Pavimenti in bambù intrecciato è uno dei materiali per pavimentazioni naturali più duri e durevoli oggi disponibili: più duro della maggior parte dei legni duri, con un grado di durezza Janka compreso tra 3.000 e 5.000 lbf a seconda del metodo di produzione. Sì, nella maggior parte dei casi può essere rifinito. Sì, può essere installato come pavimento flottante, incollato o inchiodato. Questa guida copre tutto ciò che devi sapere: cos'è, come è fatto, se può essere levigato e rifinito e una procedura dettagliata per l'installazione.

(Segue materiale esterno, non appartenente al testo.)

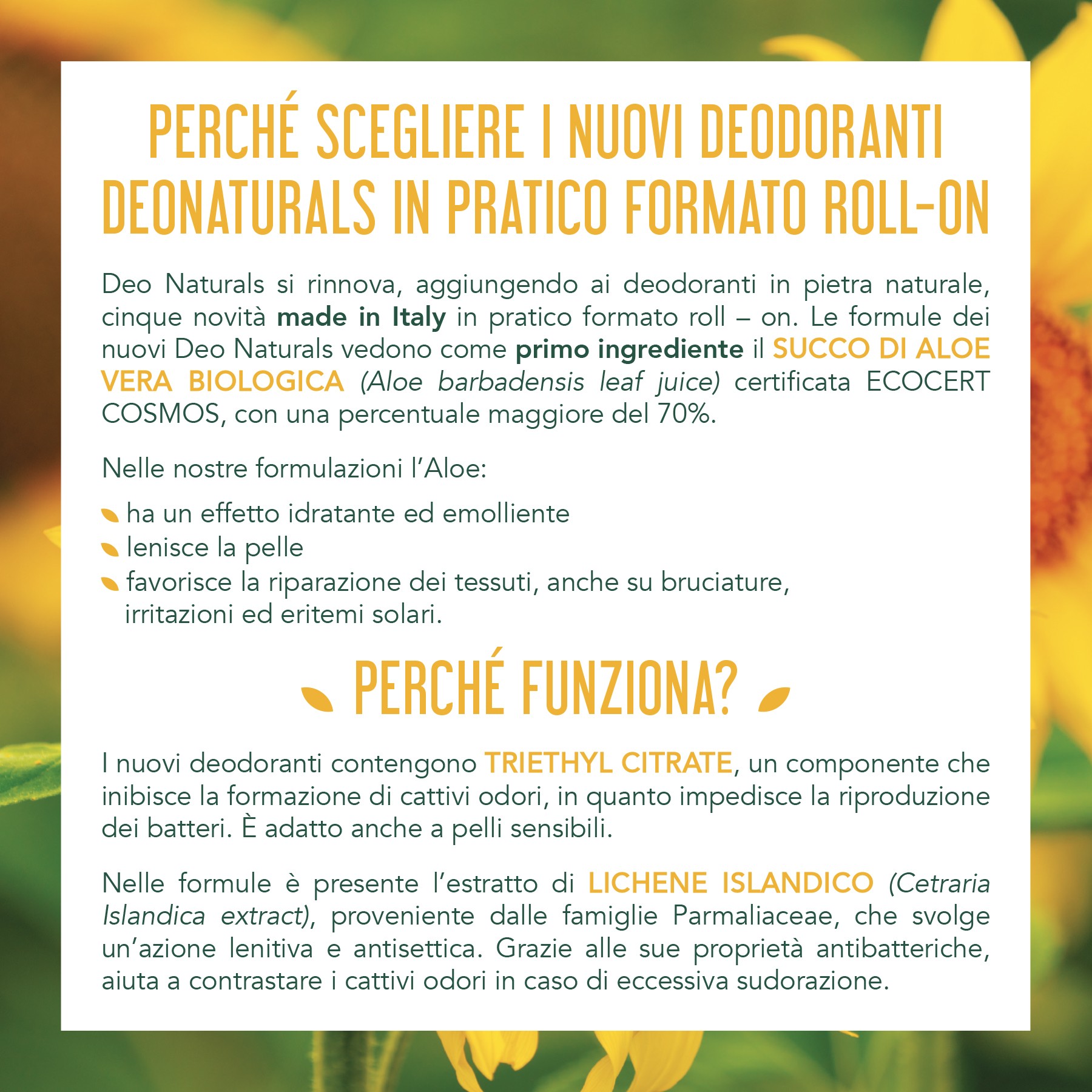 Con succo di aloe vera biologica. Non occlude i pori. Senza Sali di alluminio.

Cos'è il pavimento in bambù intrecciato?

Pavimenti in bambù intrecciato , chiamato anche pavimento in bambù intrecciato, è un prodotto di pavimentazione naturale ingegnerizzato realizzato triturando gli steli di bambù grezzi in lunghi fili fibrosi, comprimendoli sotto estrema pressione con resina adesiva e polimerizzandoli in assi dense. Il risultato è un materiale con una densità di circa 1.000–1.200 kg/m³, circa il doppio di quella dei tradizionali pavimenti in bambù massiccio e paragonabile o superiore a molti legni duri di prima qualità.

A differenza dei tradizionali pavimenti in bambù orizzontali o verticali – che tagliano semplicemente i culmi di bambù in strisce piatte – il bambù intrecciato si rompe completamente e ricostruisce la struttura della fibra. Questa randomizzazione delle fibre in più direzioni è proprio il motivo per cui raggiunge valori di durezza così elevati. Per riferimento, Quercia Rossa (un punto di riferimento standard) segna 1.290 lbf sulla scala Janka. Il bambù intrecciato a filo naturale vale circa 3.000 lbf e le versioni carbonizzate raggiungono ancora circa 2.000-2.500 lbf.

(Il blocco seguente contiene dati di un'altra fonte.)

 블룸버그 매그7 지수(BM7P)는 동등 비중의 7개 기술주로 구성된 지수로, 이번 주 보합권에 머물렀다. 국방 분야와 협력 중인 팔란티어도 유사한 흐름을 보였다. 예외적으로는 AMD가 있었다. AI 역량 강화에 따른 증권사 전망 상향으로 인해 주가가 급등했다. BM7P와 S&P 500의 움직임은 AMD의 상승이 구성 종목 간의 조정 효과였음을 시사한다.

Materiale Durezza Janka (lbf) Densità (kg/m³) Fonte rinnovabile
Bambù in filo naturale 3.000 – 5.000 1.100 – 1.200 Sì (raccolto quinquennale)
Bambù in filo carbonizzato 2.000 – 2.500 1.000 – 1.100
Teak brasiliano (Cumaru) 3.540 1.085 No (a crescita lenta)
Quercia Bianca 1.360 770 No
Red Oak 1.290 740 No
Bambù orizzontale tradizionale 900 – 1.300 600 – 700

Come viene realizzato il pavimento in bambù intrecciato?

La fabbricazione di pavimento in bambù intrecciato è più intensiva della produzione convenzionale di pavimenti in legno. Ciascuna fase influisce in modo critico sulla durezza, sulla stabilità e sul profilo di emissione di gas del prodotto finale.

Fase 01

Raccolta del bambù

Il bambù Moso (Phyllostachys edulis) è la specie dominante utilizzata, raccolta a 4-6 anni di età quando la densità delle fibre raggiunge il picco. Il bambù più giovane ha un contenuto di silice insufficiente; il bambù più vecchio diventa fragile. Gli steli vengono tagliati trasversalmente in lunghezze gestibili immediatamente dopo la raccolta.

Fase 02

Rimozione e divisione del nodo esterno

La dura pelle esterna e il midollo interno vengono rimossi. La parete rimanente del culmo viene divisa in strisce, quindi sminuzzata meccanicamente - non tagliata - in filamenti fibrosi irregolari tipicamente lunghi 30–60 cm e larghi 2–5 mm. Questo orientamento casuale delle fibre è il fondamento della resistenza superiore del filo intrecciato.

Tappa 03

Asciugatura e controllo dell'umidità

I fili triturati vengono essiccati in forni con un contenuto di umidità dell'8–12%. L'asciugatura incoerente in questa fase è una delle principali cause di deformazione post-installazione. Produttori rinomati mantengono le tolleranze MC entro ±1% utilizzando camere a umidità controllata.

Fase 04

Impregnazione con resina

I fili essiccati vengono immersi o spruzzati con resina adesiva, tipicamente urea-formaldeide (UF) o fenolo-formaldeide (PF), con alcuni produttori che ora offrono varianti MDI (metilene difenil diisocianato) a basse emissioni. Le resine PF producono minori emissioni di formaldeide e una maggiore resistenza all'umidità rispetto alle UF. I limiti di certificazione CARB Fase 2 ed E1/E0 sono i parametri di riferimento da verificare.

Tappa 05

Pressatura a freddo o a caldo

I trefoli impregnati vengono formati in billette e pressati a 2.500–4.000 psi (17–28 MPa) a temperature comprese tra 150°C e 200°C. Il tempo di pressatura è generalmente di 15–40 minuti a seconda dello spessore della billetta. Questa compressione estrema è ciò che consente di ottenere la durezza caratteristica del materiale. Esistono varianti spremute a freddo ma sono significativamente meno dense.

Tappa 06

Fresatura, finitura e rivestimento

Le billette polimerizzate vengono fresate con precisione in tavole utilizzando apparecchiature CNC, quindi scanalate maschio e femmina per l'installazione a clic o con colla. La finitura superficiale prevede più strati di lacca uretanica polimerizzata con raggi UV infusa con ossido di alluminio, in genere 6-9 strati, che fornisce una resistenza all'abrasione classificata da AC3 a AC4 nella maggior parte dei prodotti di livello commerciale.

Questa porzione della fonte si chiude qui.